Tuesday, July 26, 2011

Mother Nature decides its not the right day!

A co-worker and I went for a hike up the mountain the other day.  I have been very busy at work and have been unable to get out there since the first week I was in Juba.  He has never been to South Sudan and wanted to see some local culture.  It has rained a lot and the vegetation is green and lush.   We walk by the anti-aircraft guns that are spattered in the village on the base of the mountain.  Some times I have to remind myself that while Juba is not a war zone, it was not long ago and could be if politics or rebels decide it should be again!
Tiny lizards run around on the path making the mountain and rock come alive as you walk.  I am some what paranoid that the rustling in the weeds isn’t a lizard but a cobra.  Luckily I have not yet seen one!
We walk through rock city and observe the women sitting under there lean to’s making gravel.  As we ascend the mountain, I can notice the smell of camp fire.  This is when I realize how the men split these giant boulders!  The men light a fire under the boulder and heat it up until it splits.  We walk by one man who has 2 or 3 fires burning that he looks like he is busy tending.  I got to witness one of the boulders crack.  It went off like a pop of a gun!
We neared the summit and could hear the approaching thunder getting closer.  The clouds were getting darker and we collectively made the decision that we didn’t want to be standing on the highest point around Juba during a lightning storm!  The descent went quickly.  By the base of the mountain the rain started to fall.  We ducked into a construction site and sat on the porch of a large modern house that was being constructed.  The rain came down like I have not seen yet in Africa!  We could not see feet in front of us!  
My driver gives me a call and asks if he can pick us up and where are we.  I tell him I am in a construction site across from a mud hut, with goats in front, on a dirt road (that is what Juba looks like on every street!).  I have not seen a street sign since I left Canada!
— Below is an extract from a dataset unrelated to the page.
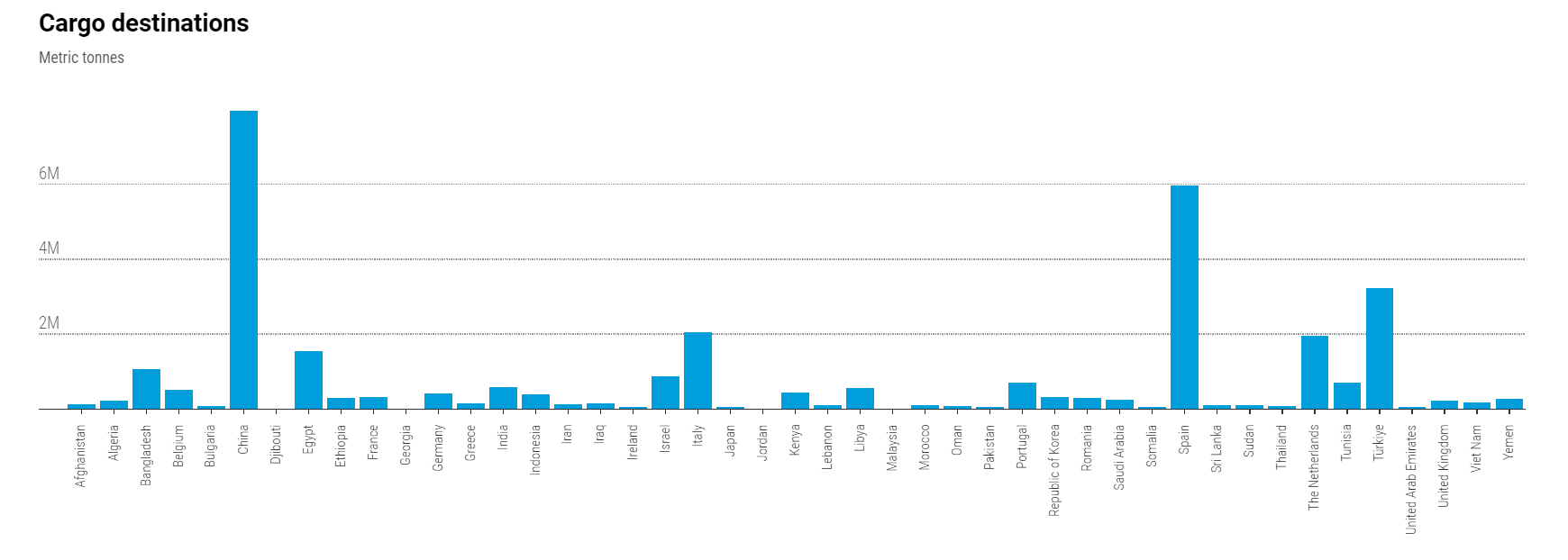 L’Ucraina è uno dei maggiori esportatori mondiali di mais, grano e orzo. Prima della guerra, nel 2021, era il sesto esportatore mondiale di grano, rappresentando il 10% della quota di mercato globale. Dopo l’invasione della Russia nel febbraio 2022, le navi militari russe hanno bloccato i porti ucraini e 20 milioni di tonnellate di grano. Il blocco ha fatto salire alle stelle i prezzi alimentari globali e il rischio è che si ripresenti una situazione simile.

We meet up with him at a local gas station after the rain calmed down and get a ride to change into dry cloths.  All I could think of on the trip home was those poor men who had been heating the boulders up all day with the fires and the day’s work was wasted when the storm came through and extinguished there hot coals!  What a disappointment that would be after hauling all the wood over, tending multiple fires, and having mother nature decide today wasn’t your day!  What a hard life!